In silico Identification of Neuropeptide Precursors

From the GenBank databases, 13,778 potential neuropeptide precursor sequences from both invertebrate and vertebrate species were identified. Among these, APGWamide precursor sequences were the least abundant, followed by LWamide, RPCH, and CRZ, whereas AKHs and GnRH precursors were the most abundant (Repository 3). A total of 2294 potential neuropeptide precursors and other non-related sequences were identified using the BioDataToolKit software version 5. From them, 912 potential neuropeptide precursors with dibasic proteolytic cleavage site were identified using the Proteios version 1.0 software. Using the Prop 1.0 Server and manual curation in some cases, only 636 sequences exhibited the dibasic proteolytic cleavage sites for neuropeptide precursors. Additionally, 45 and 38 precursors for ACP and NPPs were identified via BLAST sequence alignments, respectively (Repository 1).

From the depurated sequences, a database of 719 neuropeptide precursors was used for evolutionary analysis (Fig. 2). The neuropeptide precursors represented seven neuropeptide families distributed among species from 11 phyla, 30 classes, 85 orders, 181 families, 277 genera, and 368 species. These taxonomic groups included species of fish, insects, mammals, mollusks, and crustaceans (Repository 3). The following observations were made upon inspecting this database: (1) most of the identified neuropeptide precursors corresponded to bioinformatically assembled products; (2) every neuropeptide family, with the exception of RPCH, which is exclusively expressed in crustaceans, exhibited more than one neuropeptide precursor in some phyla; (3) the GnRH family was the most widely represented, occurring in six phyla, whereas some of the remaining families were only present in invertebrate phyla. The aforementioned findings were corroborated by conducting phylogenetic tree analyses for each neuropeptide precursor family (Repository 4).

Fig. 2
figure 2

Neuropeptide precursor families. A Percentage of sequences for each neuropeptide precursor family obtained from the GenBank database. B Schematic of a plausible evolutionary relationship between the neuropeptide families evaluated herein. C Example of loci with a model species for each neuropeptide family

BLAST Analysis of the APGW/RPCH and APGW/AKH Neuropeptide Predictive Precursors

BLAST analysis of the APGW/RPCH NPP and APGW/AKH NPP sequences from A. californica, Lymnaea stagnalis, and M. edulis was homologous to 56 neuropeptide precursors, as predicted by the DNA-LM (Martínez-Pérez et al. 2007). The APGW/AKH NPP from A. californica and L. stagnalis shared similarities with a sequence from the rotifer B. plicatilis reported as hypothetic (GenBank code RNA39930.1), which exhibited a decapeptide structure similar to AKHs, as well as two out of the four copies of APGWamide (Fig. 3). Additionally, a neuropeptide precursor from the RPCH family was identified in the hemipteran Nezara viridula, which was reported as AKH (Fig. 4).

Fig. 3
figure 3

Alignment of the APGW/RPCH NPP from A. californica and L. stagnalis and the APGW/AKH from the rotifer B. plicatilis. Similarities between the amino acids of the APGW/RPCH NPP of mollusks proposed in 2001 and those of the rotifer B. plicatilis (APGW/AKH). The APGWamide copies are indicated in blue and underlined. The RPCH and AKH are indicated in red. The KR proteolytic sites are indicated in bold

Fig. 4
figure 4

Phylogenetic tree of APGW/RPCH NPP and APGW/AKH NPP. Phylogenetic relationships between the APGW/RPCH NPP and APGW/AKH NPP proposed in 2007 and the APGW/AKH precursors reported in the rotifer B. plicatilis (box-purple) with other species in the GenBank database. RPCH, reported as AKH from Nezara viridula, is shown inside the red box (Color figure online)

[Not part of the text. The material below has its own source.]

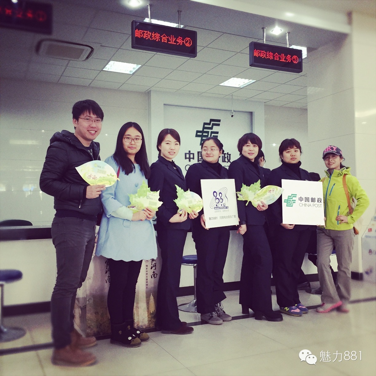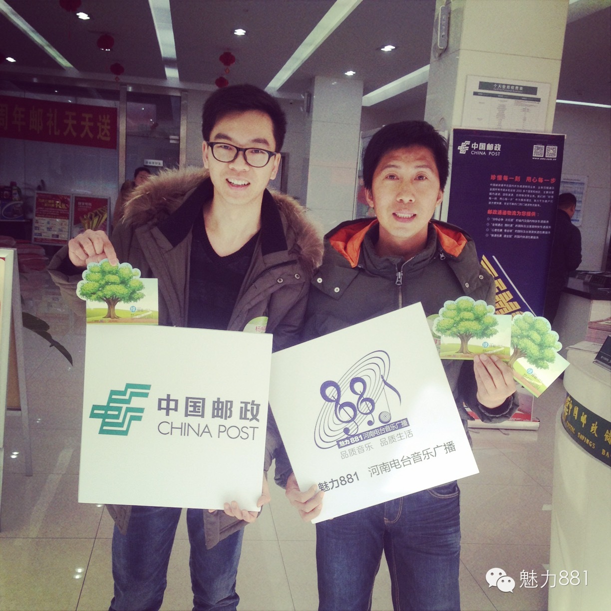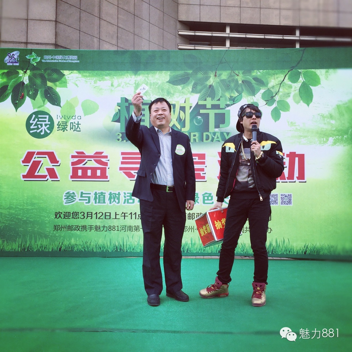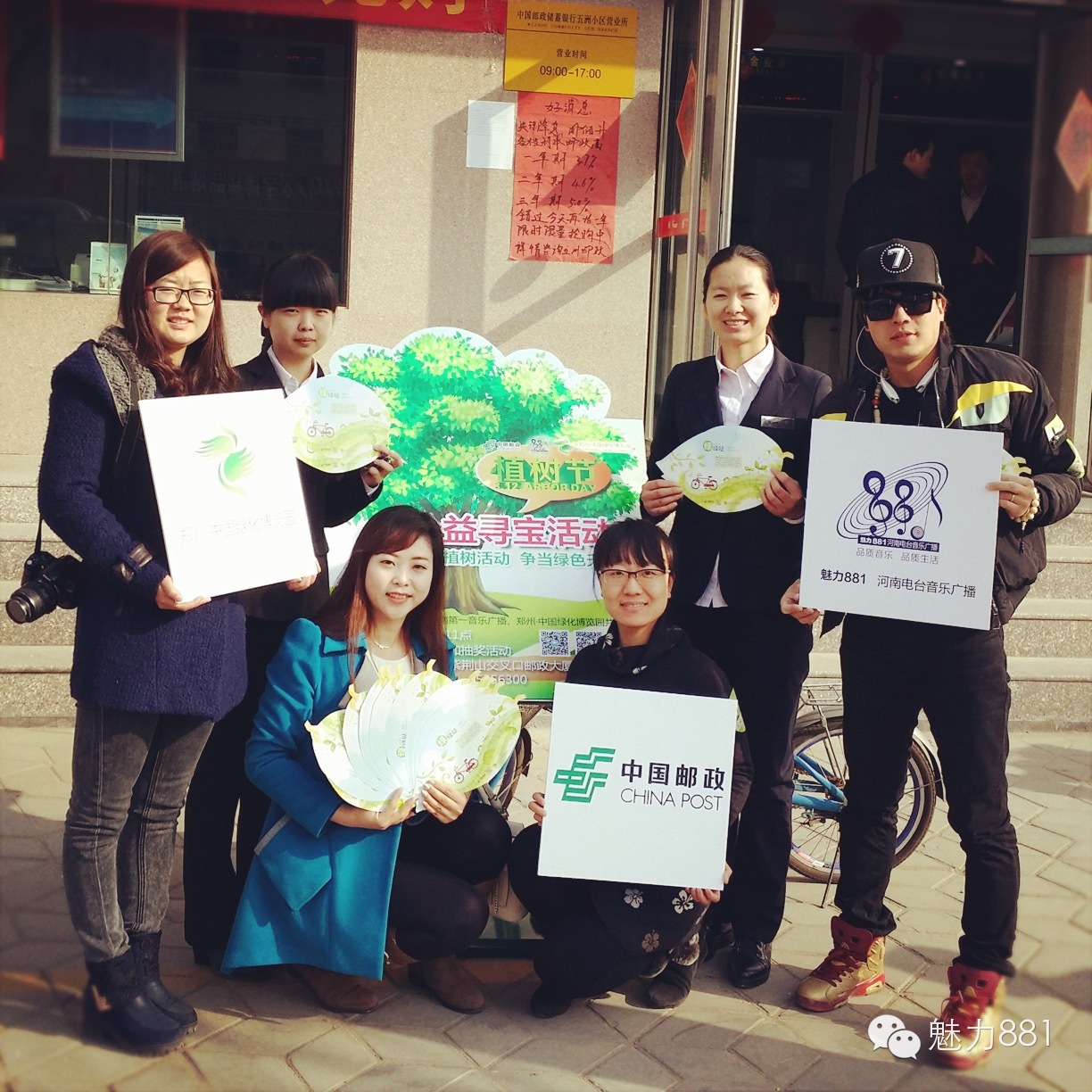 3月12日植樹節(jié),魅力881河南第一音樂廣播攜手鄭州郵政一同打造的“綠色尋寶大作戰(zhàn)”公益活動圓滿舉行!今天有四位DJ帶領四隊聽眾前往市區(qū)指定郵政網(wǎng)點,尋找本次活動限量定制的環(huán)保明信片。首先要為獲勝的小伙伴鼓掌,同時也要感謝所有參與本次活動的親們,你們都棒棒噠!本次公益活動的每一位參與者都是綠色環(huán)保小戰(zhàn)士,有你們在,綠城的樹一定會更綠,天一定會更藍!最后要特別感謝本次活動合作方鄭州郵政、綠博園的大力支持,再次感謝魅力881聽眾的參與!

The APGW/RPCH NPP and APGW/AKH NPP and the 32 remaining neuropeptides exhibited homology and phylogenetic relatedness with cerebral peptide, AKH, PTSP, hypothetic peptides reported in GenBank, and uncharacterized proteins. The active peptide and the related peptide from the APGW/RPCH NPP from A. californica exhibited similarities with the neuropeptide precursors from Macrobrachium rosenbergii (ANT96502.1). Furthermore, the APGW/AKH NPPs from L. stagnalis shared similarities with the AKH1 from hemipterans such as Plautia stali, Laodelphax striatellus, Nilaparvata lugens, the tardigrade Hypsibius dujardini, and other proteins such as PTSP, APGWamide, and cerebral peptide. On the other hand, APGW/RPCH NPP from M. edulis was only similar to APGWamide and cerebral peptide (Fig. 4 and Repository 5).

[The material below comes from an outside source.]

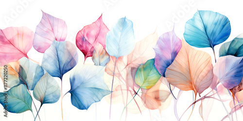 © Rassamee, Naklejka premium Modern pastel watercolor leaf painting, suitable for background design, white background.

Constant and Variable Motifs of the Neuropeptide Precursors

The motifs with the highest variability among the neuropeptide precursors corresponded to the rough endoplasmic reticulum internalization signal peptide, the related peptide, and the Cys region from the C-terminus (Repository 6). In contrast, the most conserved motifs were present in the active peptide and the excision motifs. Progressive alignments of the neuropeptide precursors among families indicated homology between active peptides from LWamide and APGWamide. However, the leucine that characterizes the former family was absent in the latter. The three first amino acids and the phenylalanine from RPCH and AKH1 were also found in two copies from LWamide and APGWamide. Furthermore, the last four amino acids from one of the copies of LWamide and APGWamide were in common positions (Fig. 5).

Fig. 5
figure 5

Alignment of active peptides from GnRH family members generated by the DNA-LM. Alignment from LWamide, APGWamide, RPCH, AKHs, CRZ, and GnRH, and APGW/RPCH NPP and APGW/AKH NPP showing the amino acids within the precursor for LWamide and APGWamide. The blue box indicates the amino acid variations inside the neuropeptide precursors families. The red “X” indicates the absence of amino acids in positions one and four of the related peptide, as well as conserved amino acids. Note that tryptophan position 8, glycine, and the dibasic amino acids were conserved among all families. See Repository 6 for more details on the alignment procedure (Color figure online)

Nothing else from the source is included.